AU Lab - audio outputs

Jack – routes

It’s time to play the music via AU Lab. To do it we have to reroute audio. After start JackPilot is routing audio directly to sound card. We need it to be routed through AU Lab processor. You can do it using JackPilot interface, but it’d be more convenient to do it with shell script.

#!/bin/bash
#save this as AULab.sh

/usr/local/bin/jack_connect "AU Lab:out1" "system:playback_1"
/usr/local/bin/jack_connect "AU Lab:out2" "system:playback_2"
/usr/local/bin/jack_connect "AU Lab:out3" "system:playback_3"
/usr/local/bin/jack_connect "AU Lab:out4" "system:playback_4"
/usr/local/bin/jack_connect "AU Lab:out5" "system:playback_5"
/usr/local/bin/jack_connect "AU Lab:out6" "system:playback_6"
#!/bin/bash
#save this as iTunes.sh

# disconnect iTunes from sound card
/usr/local/bin/jack_disconnect iTunes:out1 system:playback_1
/usr/local/bin/jack_disconnect iTunes:out2 system:playback_2
# plug iTunes to AU Lab
/usr/local/bin/jack_connect iTunes:out1 "AU Lab:in1"
/usr/local/bin/jack_connect iTunes:out2 "AU Lab:in2"

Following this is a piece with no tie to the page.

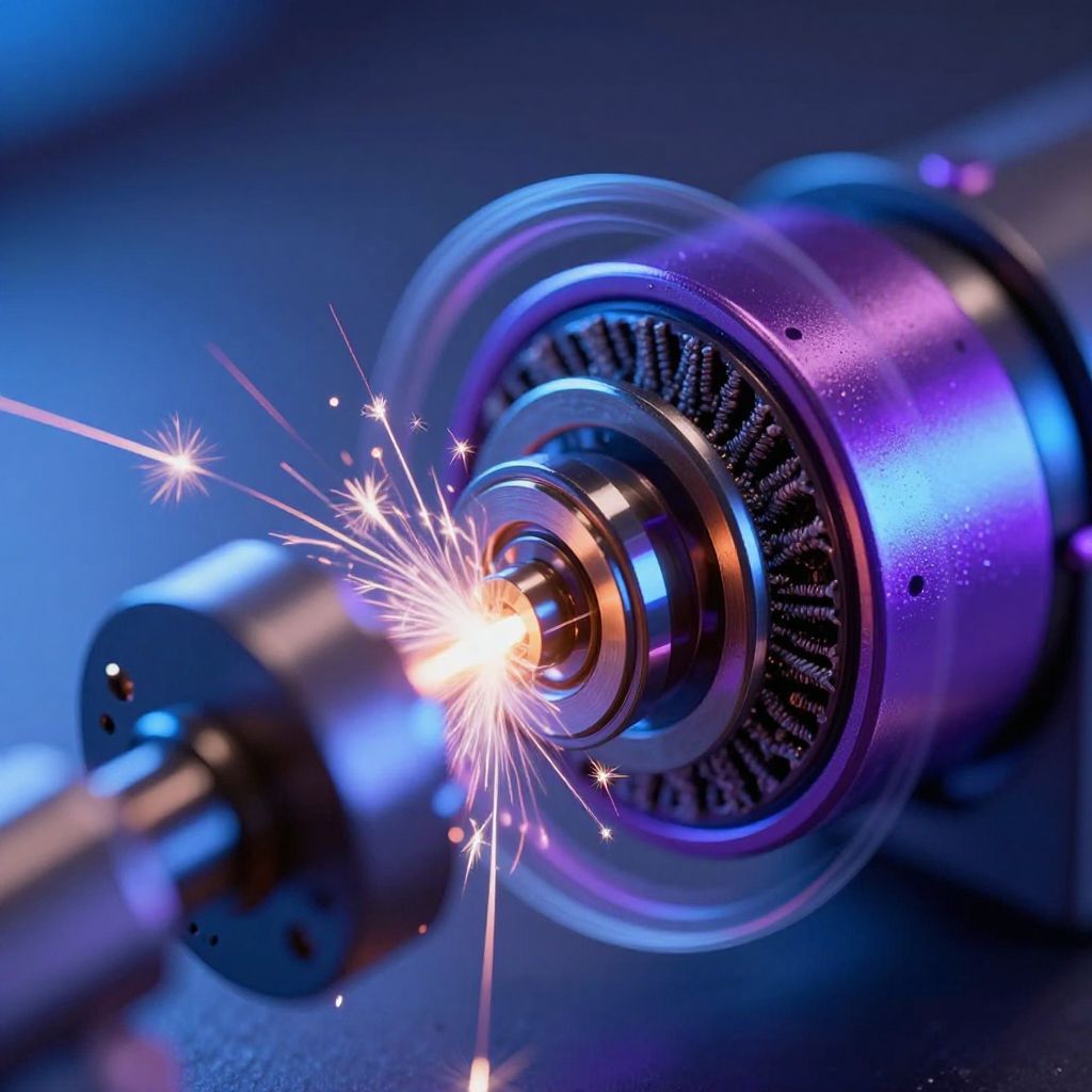 Close-up of a buzzing filter in action, intricate mechanical parts vibrating, emitting soft electric sparks, surrounded by dynamic waves of sound and light, vibrant blues and purples with a metallic texture, hyperrealistic and detailed.

Set proper chmods and run scripts. Music from iTunes should go through AU Lab. You should hear only left speaker so far.

AU Lab – audio processing

Let’s come back to our AU Lab document. I assume that nothing gone wrong so far. Firstly we need right channel to work. By default it is routed to channel Left. Simply turn off routing from Right input to Left output by clicking digit 1 in Volume section of Right input channel and turn on digit 2 (routing to Right channel). Enable also routing from L to RL by clicking 5 in L input Volume section and from R to RR (number 6). Now we have quadraphony.

Now we want to provide C and LFE with mono. Simply route both L and R to both C and LFE. Then you have to turn the volume of C and LFE down, we don’t want overdrive. Remember to set a Low Pass Filter effect on LFE (cutoff frequency can be 150 Hz).

If you want to hear audio in the same phase you can use Delay effect. Note that delay you set here is not the time it takes sound waves reach you – to simplify: you should set highest delay to speaker which is nearest. I won’t cover details of delays, as I’m not an audiophile.

Final conclusion

Great! We have music surrounding us. I love to listen Riverside – Rapid Eye Movement this way! What next? AU Lab is very powerful tool, you can set different volume for every speaker. If sound card doesn’t allow to do that itself you can create 6 mono input/output configuration just to set the volume. If you want to do this remember to select proper speaker layout as we done at the beginning.

Leopard Snow support

AU Lab works well. You need to install new JackOSX – development versions work well in this scenario.